*Assignment:* Copy the records below in full, keeping each word as it is but omitting the pictures.

*Collected data entries:*
####################
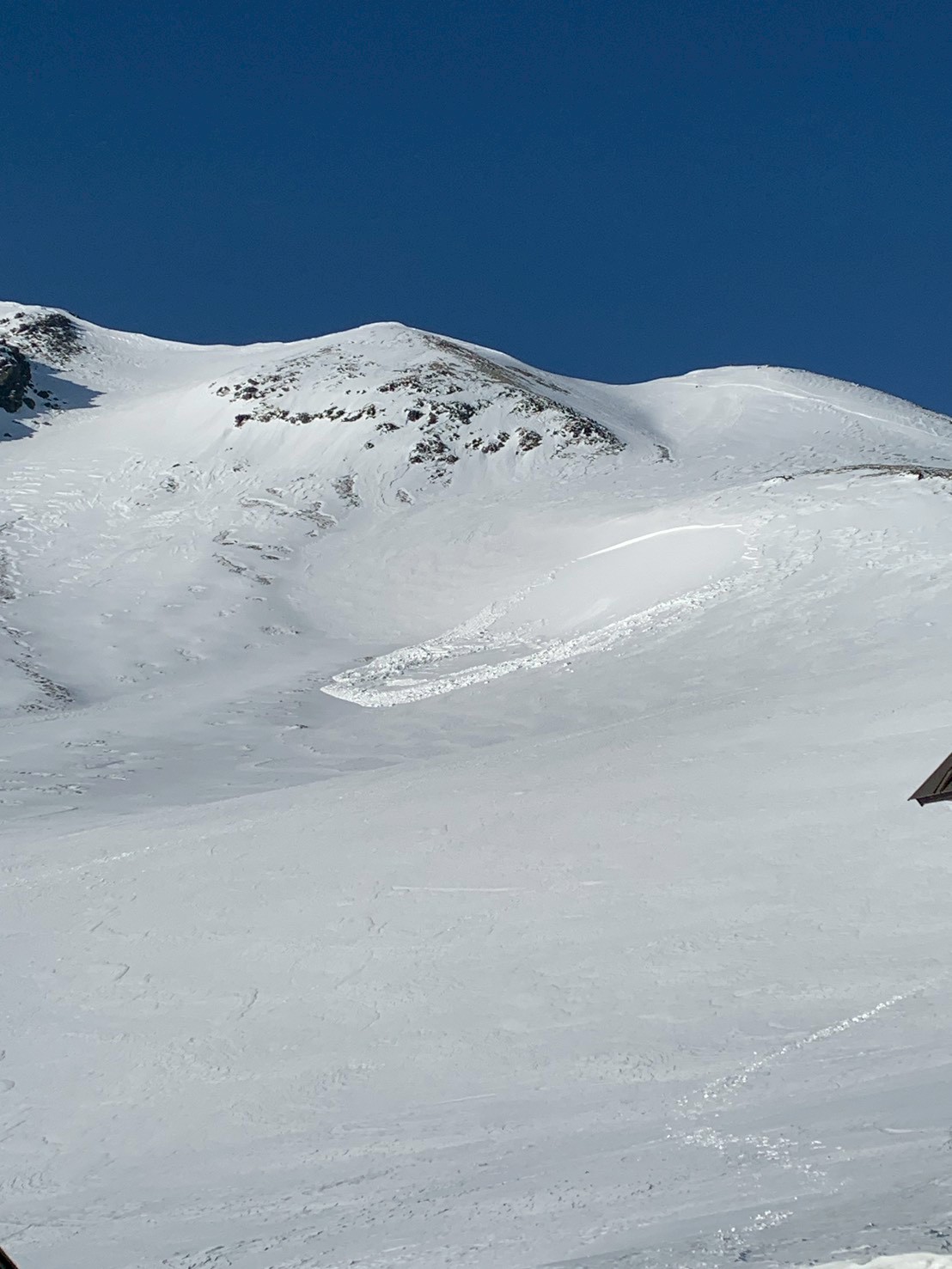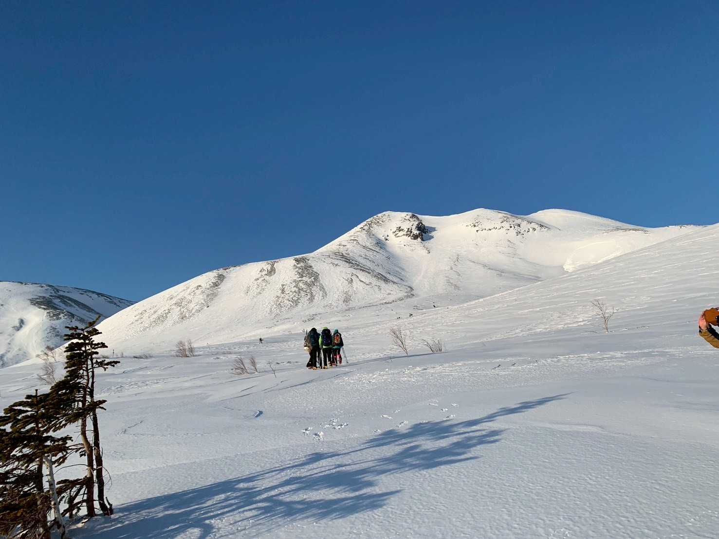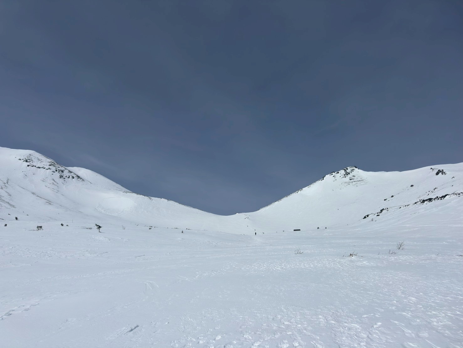 目の前に美しい雪山が広がる。この後、山荘に下る。せっかく登ったのに。
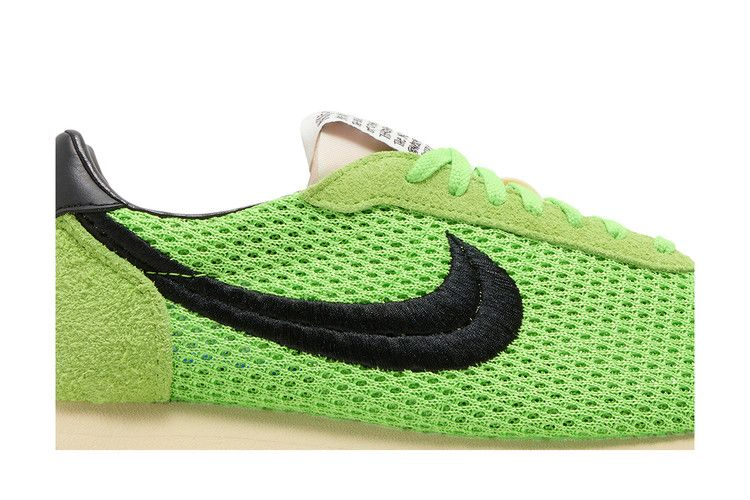 Кроссовки Stussy x Nike LD 1000 SP "Action Green" выполнены из сетки цвета лайма, украшены тональными замшевыми накладками и черным вышитым логотипом Swoosh. На язычке из вспененного материала красуется совместная тканая бирка, а на заднике из черной кожи - надпись Stussy. Легкая амортизация обеспечивается межподошвой из белой пены, а подошва из черной резины с вафельным рисунком.
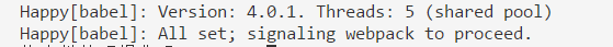 这是 happypack 输出的,如果想关闭它,在实例化 HappyPack 插件时增加 verbose 参数并将它设置为 false 即可。
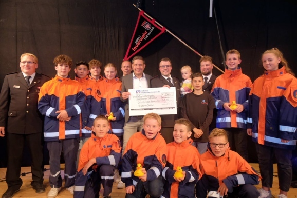 Durch den Verkauf von 895 Entchen hatten die rührigen Nachwuchsfeuerwehrleute 1.795 € beim diesjährigen Stadtfest eingenommen. Und weil in diesem Jahr das Jubiläum anstand, stockte die Bank den Betrag zugunsten der Jugendfeuerwehrkasse auf glatt 2.500 € auf. Damit konnte Pascal Schmehl einen großen Scheck in Empfang nehmen. Schmehl nannte auch den Verwendungszeck: „Durch Corona hat unsere Kasse etwas geschwächelt. Wir sind daher froh, dank diesen Geldes beim Jugendlager des Kreisfeuerwehrnachwuchses teilnehmen zu können.“ Er glaube dass das Geld dafür gut angelegt sei.
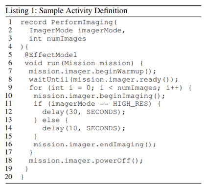 德国太空运行中心(GSOC)开发的 PINTA/PLATO 工具套件及其基于网络的时间轴客户端 TimOnWeb 也具有与 Aerie 类似的功能,并打算作为半自动任务规划系统运行(Nibler 等人,2017 年)。该系统使用一种被称为 "规划模型 "的建模语言进行操作,而 Aerie 则使用 Java 中的 eDSL 进行建模。PINTA/PLATO 有着悠久的历史,包括在 GRACE-FO 和 TerraSARX/TanDEM-X 任务中的应用。
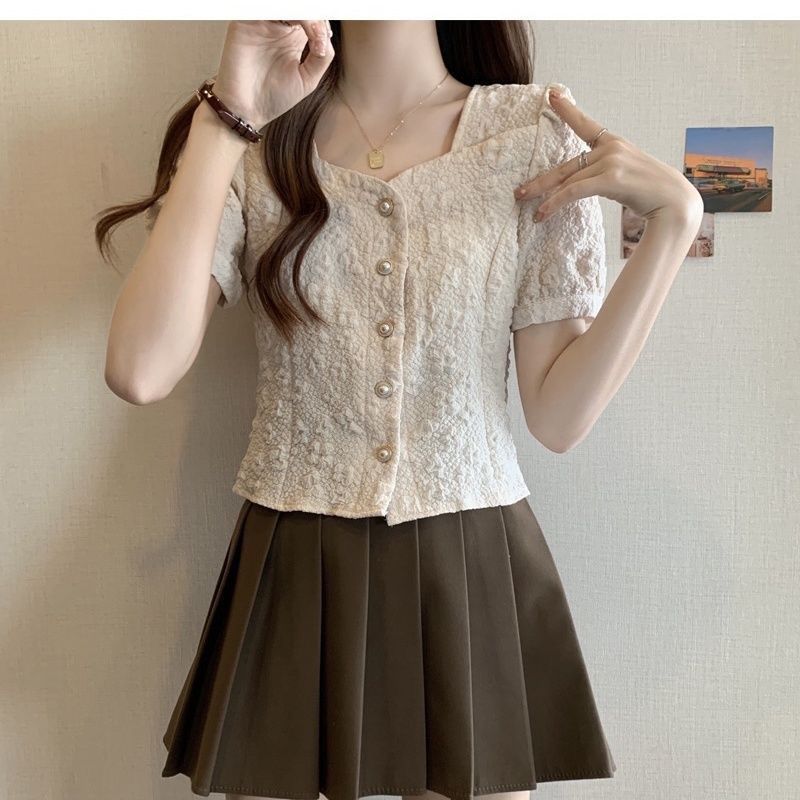| nameOriginal | French Heavy Industry Chanel Style Clavicle Top Elegant Socialite Slimming Waist Bubble Sleeve 3 Embossed Chiffon Cardigan for Summer |
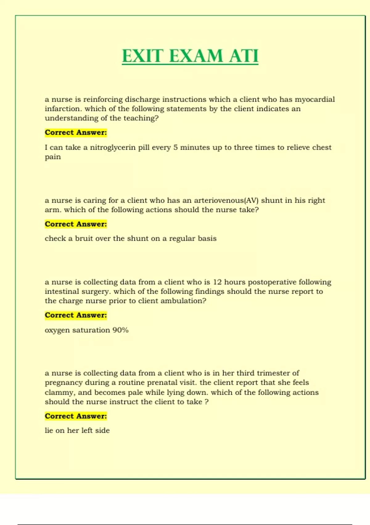 EXIT EXAM ATI a nurse is reinforcing dietary teaching with a female client who has an acute kidney injury. which of the following instructions should the nurse should include in the teaching? Correct Answer: Limit meat intake to less than 4 0z per day a nurse is reinforcing teaching with a client about how to collect a fecal occult blood sample. Which of the following statements by the client indicates an understanding of the teaching? Correct Answer: I should repeat the process three times A nurse is reinforcing preoperative teaching with a client who is about to undergo the creation of ileostomy. Which of the following information should the nurse include in the teaching? Correct Answer: Your initial drainage will be a dark green liquid. a nurse is collecting a health history from a parent of 4 year old child. which of the following statements to be is the priority for the nurse to address? Correct Answer: I have noticed that my child is withdrawn since we switched day care providers a nurse is caring for a client who reports having a decrease in fetal movement following an external cephalic version 6 hours ago. the nurse identifies the fetus is in the right occiput anterior position. the nurse should place the fetal heart rate monitor on which of the following sites to auscultate the fetal heart rate? Correct Answer: lower right of the stomach a nurse is caring for a 3 year old child at a well child visit the parents report they are concerned that their son has begun playing with an imaginary friend which of the following responces should the nurse make? Correct Answer: this is common behavior for children of this age a nurse is collecting data from a client who is postoperative and received an opioid analgesic for pain. which of the following findings should the. nurse identify as as adverse effect of this medication? Correct Answer: tachypnea a nurse in an inpatient facility is caring for a client who has anorexia nervosa at home, the client exercised frequently throughout. which of the following intervention should the nurse implement? Correct Answer: observe the client during meals A nurse is admitting a client who has Vancomycin-resistant enterococcus (VRE) of the urine. Which of the following types of isolation should the nurse place the client in? Correct Answer: contact precautions
####################
*Result:*
 目の前に美しい雪山が広がる。この後、山荘に下る。せっかく登ったのに。
 Кроссовки Stussy x Nike LD 1000 SP "Action Green" выполнены из сетки цвета лайма, украшены тональными замшевыми накладками и черным вышитым логотипом Swoosh. На язычке из вспененного материала красуется совместная тканая бирка, а на заднике из черной кожи - надпись Stussy. Легкая амортизация обеспечивается межподошвой из белой пены, а подошва из черной резины с вафельным рисунком.
 这是 happypack 输出的,如果想关闭它,在实例化 HappyPack 插件时增加 verbose 参数并将它设置为 false 即可。
 Durch den Verkauf von 895 Entchen hatten die rührigen Nachwuchsfeuerwehrleute 1.795 € beim diesjährigen Stadtfest eingenommen. Und weil in diesem Jahr das Jubiläum anstand, stockte die Bank den Betrag zugunsten der Jugendfeuerwehrkasse auf glatt 2.500 € auf. Damit konnte Pascal Schmehl einen großen Scheck in Empfang nehmen. Schmehl nannte auch den Verwendungszeck: „Durch Corona hat unsere Kasse etwas geschwächelt. Wir sind daher froh, dank diesen Geldes beim Jugendlager des Kreisfeuerwehrnachwuchses teilnehmen zu können.“ Er glaube dass das Geld dafür gut angelegt sei.
 德国太空运行中心(GSOC)开发的 PINTA/PLATO 工具套件及其基于网络的时间轴客户端 TimOnWeb 也具有与 Aerie 类似的功能,并打算作为半自动任务规划系统运行(Nibler 等人,2017 年)。该系统使用一种被称为 "规划模型 "的建模语言进行操作,而 Aerie 则使用 Java 中的 eDSL 进行建模。PINTA/PLATO 有着悠久的历史,包括在 GRACE-FO 和 TerraSARX/TanDEM-X 任务中的应用。
| nameOriginal | French Heavy Industry Chanel Style Clavicle Top Elegant Socialite Slimming Waist Bubble Sleeve 3 Embossed Chiffon Cardigan for Summer |
 EXIT EXAM ATI a nurse is reinforcing dietary teaching with a female client who has an acute kidney injury. which of the following instructions should the nurse should include in the teaching? Correct Answer: Limit meat intake to less than 4 0z per day a nurse is reinforcing teaching with a client about how to collect a fecal occult blood sample. Which of the following statements by the client indicates an understanding of the teaching? Correct Answer: I should repeat the process three times A nurse is reinforcing preoperative teaching with a client who is about to undergo the creation of ileostomy. Which of the following information should the nurse include in the teaching? Correct Answer: Your initial drainage will be a dark green liquid. a nurse is collecting a health history from a parent of 4 year old child. which of the following statements to be is the priority for the nurse to address? Correct Answer: I have noticed that my child is withdrawn since we switched day care providers a nurse is caring for a client who reports having a decrease in fetal movement following an external cephalic version 6 hours ago. the nurse identifies the fetus is in the right occiput anterior position. the nurse should place the fetal heart rate monitor on which of the following sites to auscultate the fetal heart rate? Correct Answer: lower right of the stomach a nurse is caring for a 3 year old child at a well child visit the parents report they are concerned that their son has begun playing with an imaginary friend which of the following responces should the nurse make? Correct Answer: this is common behavior for children of this age a nurse is collecting data from a client who is postoperative and received an opioid analgesic for pain. which of the following findings should the. nurse identify as as adverse effect of this medication? Correct Answer: tachypnea a nurse in an inpatient facility is caring for a client who has anorexia nervosa at home, the client exercised frequently throughout. which of the following intervention should the nurse implement? Correct Answer: observe the client during meals A nurse is admitting a client who has Vancomycin-resistant enterococcus (VRE) of the urine. Which of the following types of isolation should the nurse place the client in? Correct Answer: contact precautions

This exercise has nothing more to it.